Galactic Map
Overview
The United Confederation stretches across thousands of star systems, spanning a significant portion of the inhabited galaxy. Known space is organized into a rough hierarchy — from the densely populated, politically powerful Core Worlds at the center to the sparse, underserved Fringe Territories at the periphery — with vast distances and travel times shaping the daily reality of everyone who lives within it.
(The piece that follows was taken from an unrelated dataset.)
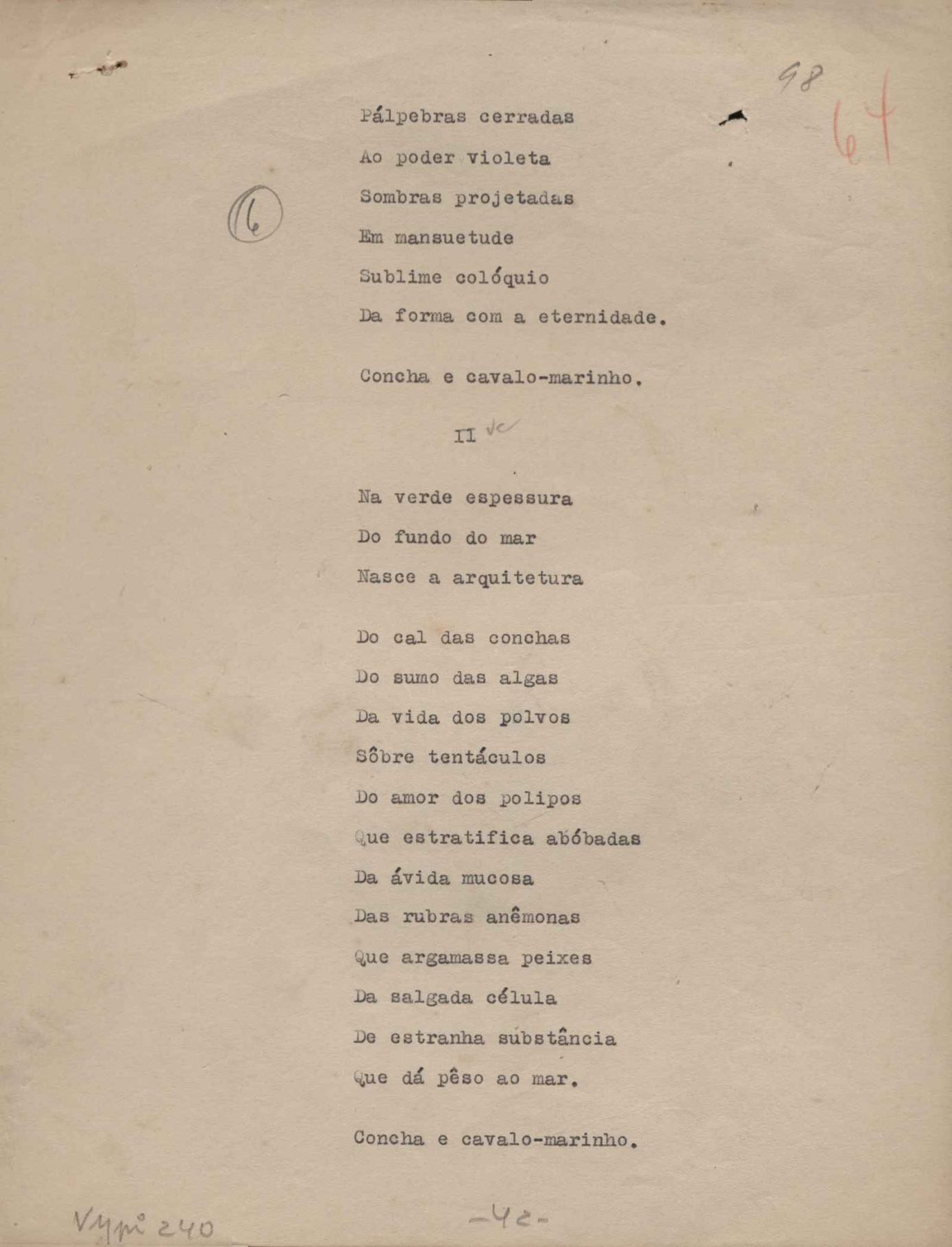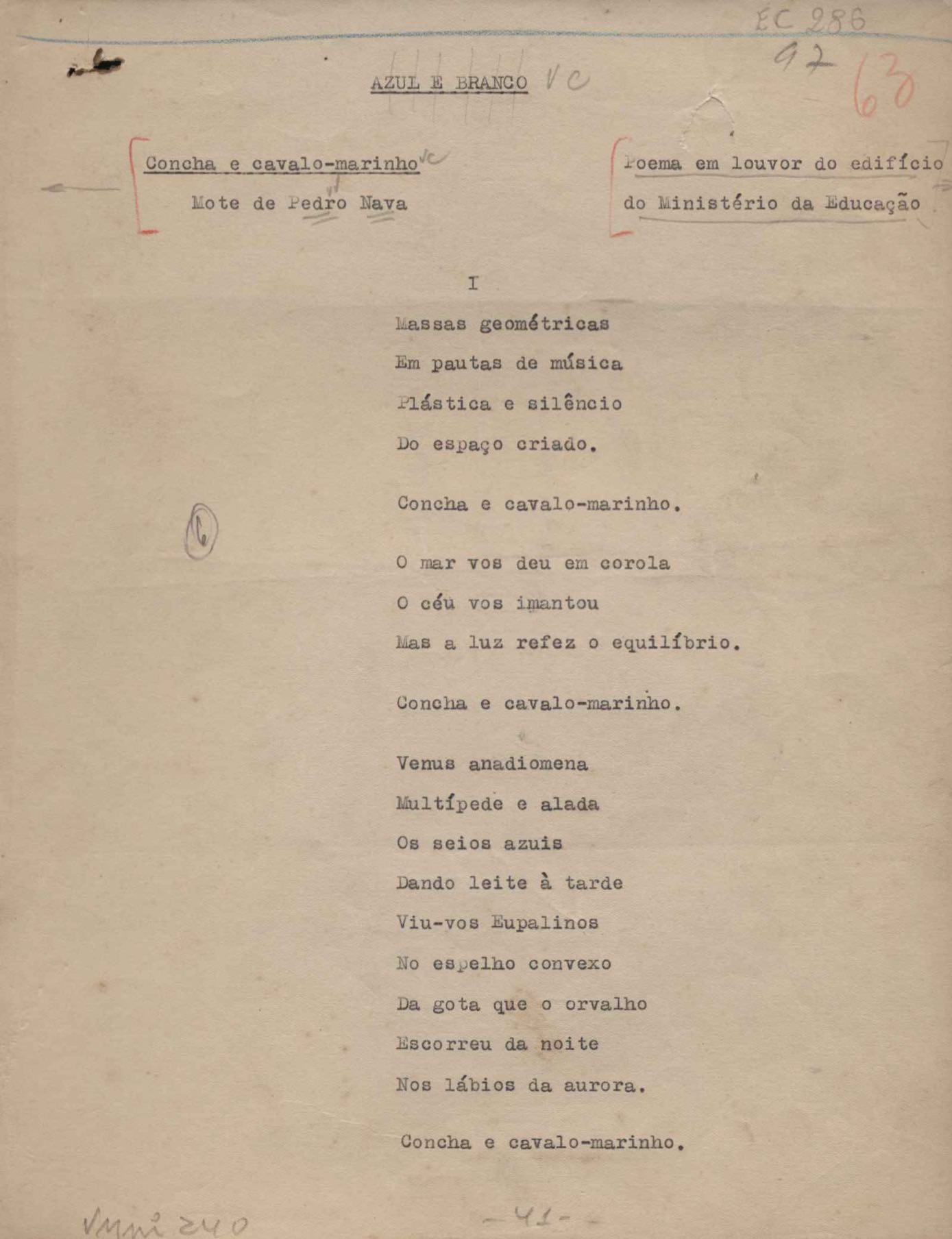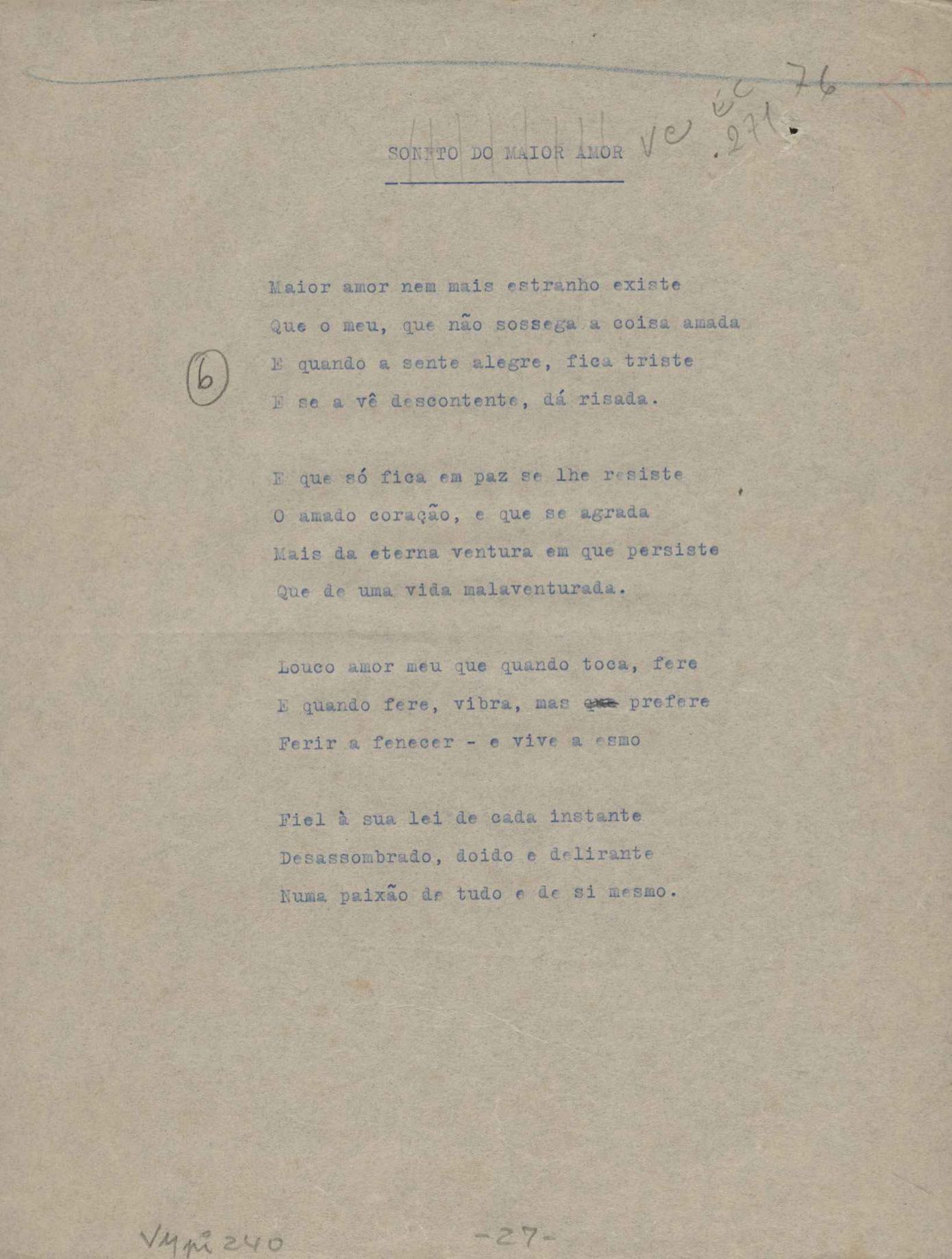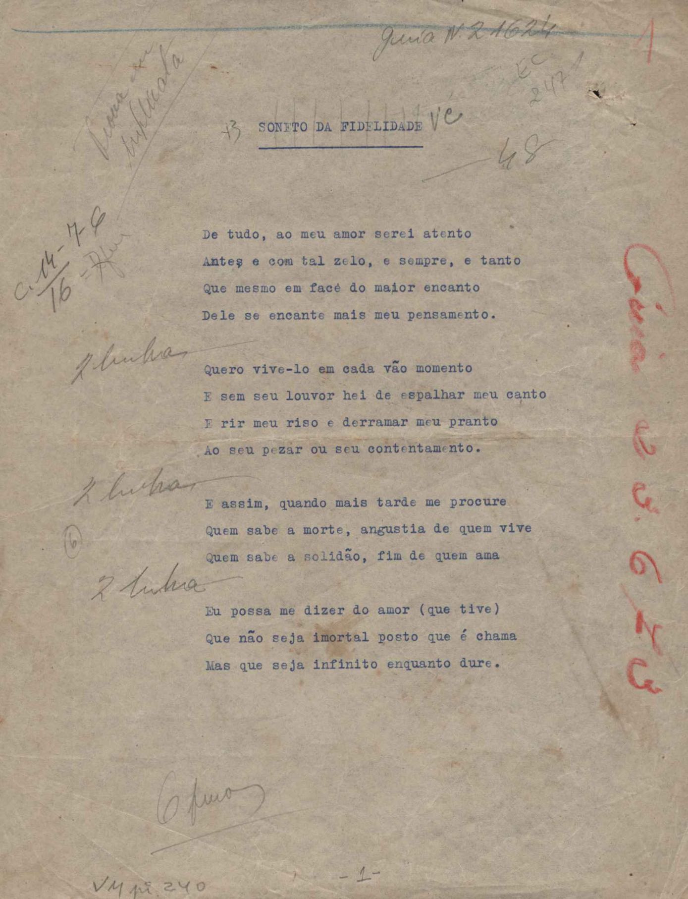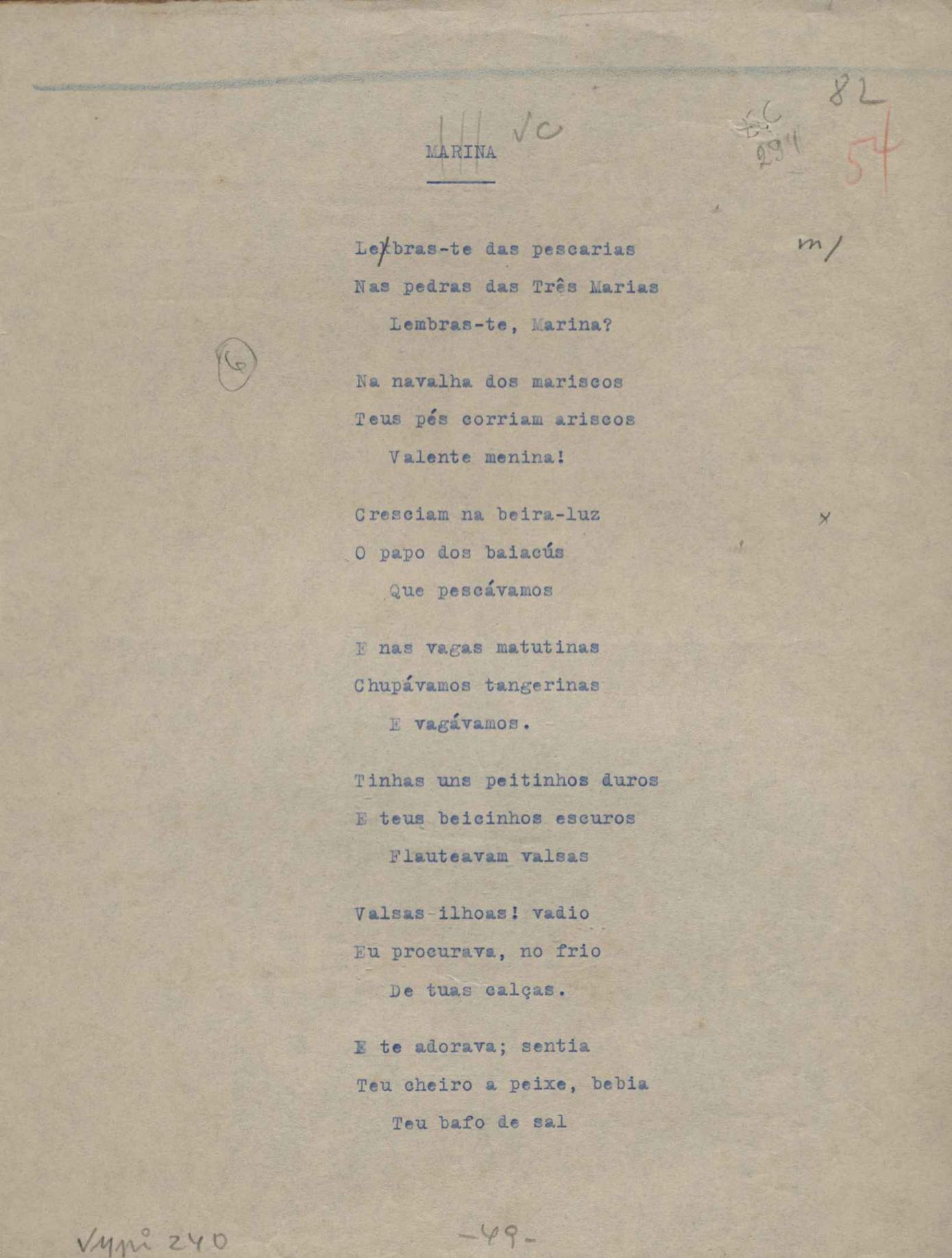 Poemas (52). "A um passarinho", "Os acrobatas", "Allegro", "O apelo", "Azul e branco", "balada da praia do Vidigal", "Balada das meninas de bicicleta", "Balada de Pedro Nava", "Balada do cavalão", "Balada do enterrado vivo", "Balada do mangue", "Barcarola", "Canção", "Cântico", "O dia da criação", "Epitáfio", "O escândalo da rosa", "Estrela polar", "Imitação de Rilke", "Lápide de Sinhazinha Ferreira", "Mar", "Marina", "Marinha", "A morte", "Notícia d'O Século", "Paisagem", "A partida", "Pescador", "Poema de Natal", "Quatro sonetos de meditação", "O riso", "Rosário", "Saudade de Manuel Bandeira", "Sinos de Oxford", "Sombra e luz", "Soneto a Otávio de Faria", "Soneto ao inverno", "Soneto da madrugada", "Soneto de Carnaval", "Soneto de despedida", "Soneto de fidelidade", "Soneto de Londres", "Soneto de quarta-feira de cinzas", "Soneto de separação", "Soneto de véspera", "Soneto do maior amor" e "Trecho". Anexo: 1. Prova tipográfica da primeira edição (incompleta); 2. Outras versões manuscritas e datilografadas, com emendas, exceto de: "Balada das meninas de bicicleta", "Marinha", "Notícia d'O Século", "Saudade de Manuel Bandeira" e "Soneto de despedida".

This galactic geography is not merely a backdrop. The distribution of wealth, infrastructure, and political attention across these regions defines who holds power and who is left behind, and that imbalance touches nearly every conflict in the Confederation.
Details
Travel across the Confederation is made possible by fold drives, which allow ships to translate through established fold points scattered throughout known space. Journeys between neighboring Core systems take hours or days, while crossing from the Core to the Fringe can take days to weeks, and reaching the outermost frontier may take months. Communication follows similar constraints: relay-assisted messages arrive within hours to days for well-connected systems, but remote Fringe locations may wait weeks.
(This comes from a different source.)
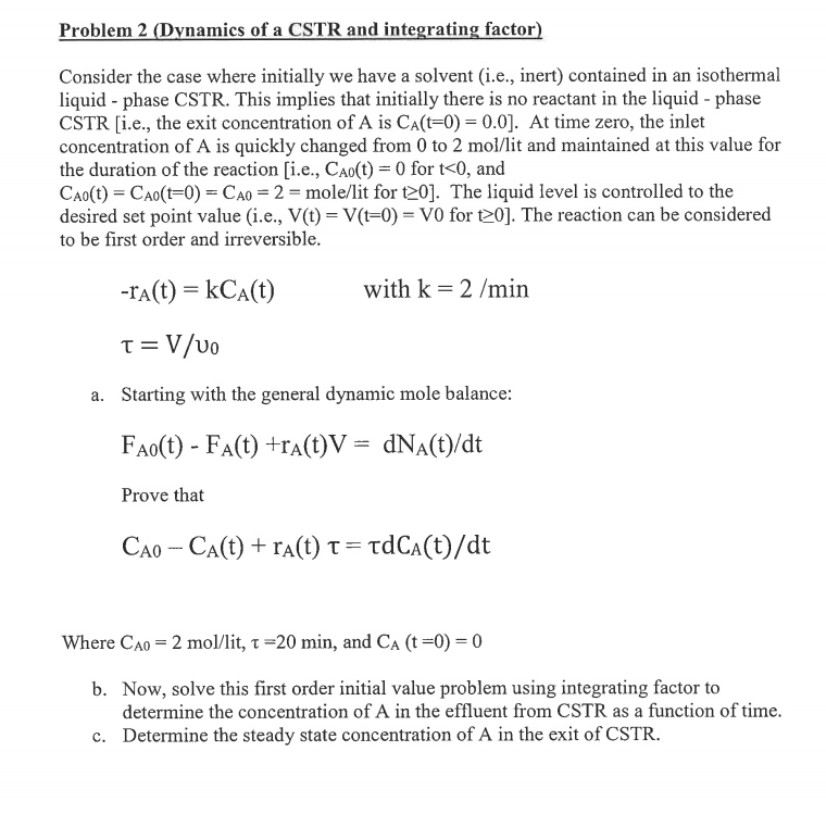 Solved Problem 2 (Dynamics of a CSTR and integrating factor) | Chegg.com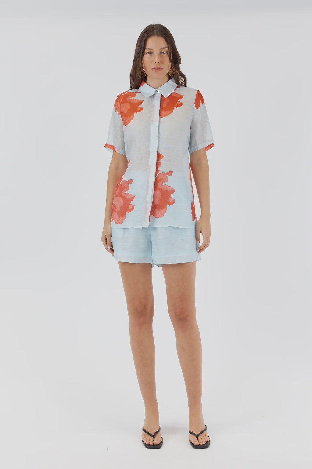 A short sleeve sheer shirt crafted from silk linen. It features a collared neckline, followed by a placket through centre front. Designed for a relaxed, oversized fit.

The galaxy’s inhabited regions divide into four broad zones. The Core holds the oldest civilizations, the highest technology, and the seat of Confederation government. The Middle Regions are industrially active and commercially important, home to mixed-species populations at varying stages of development. The Fringe is recently settled and resource-focused, with sparse populations and limited services — human colonies are concentrated here. Beyond the Fringe lies largely uncharted space, with unknown hazards and the possibility of uncontacted civilizations.
Notable locations include Xylas Prime, the Xylasian homeworld and a center of political gravity; Kheth’var, the bioluminescent jungle world of the Indrilum; Thepol Prime, a harsh volcanic world known for its predator-evolved inhabitants; Zorath, a multi-species trading hub; and the impoverished human mining colony of Mool, deep in the Fringe. Travel between these worlds follows established routes ranging from the safest Core-to-Core corridors to the largely unpatrolled and dangerous Fringe-to-Fringe passages.
Significance
The Confederation’s geography is, in practice, a map of power. Decisions are made in the Core and resources flow inward, while Fringe colonies bear the costs of distance — neglected infrastructure, minimal law enforcement, and vulnerability to exploitation. The physical vastness of known space does not dilute that dynamic; it reinforces it. Distance is what allows certain abuses to persist unnoticed or unchallenged by those at the center.
For those moving through this space, location is strategy. Travel times create windows of opportunity and vulnerability alike. Fold point traffic control, patrol coverage gaps, and the existence of unofficial routes all factor into how individuals and factions operate across the Confederation. The galaxy’s scale gives weight to even small movements — crossing it is never trivial, and where someone is, and how long it takes to reach them, carries real consequence.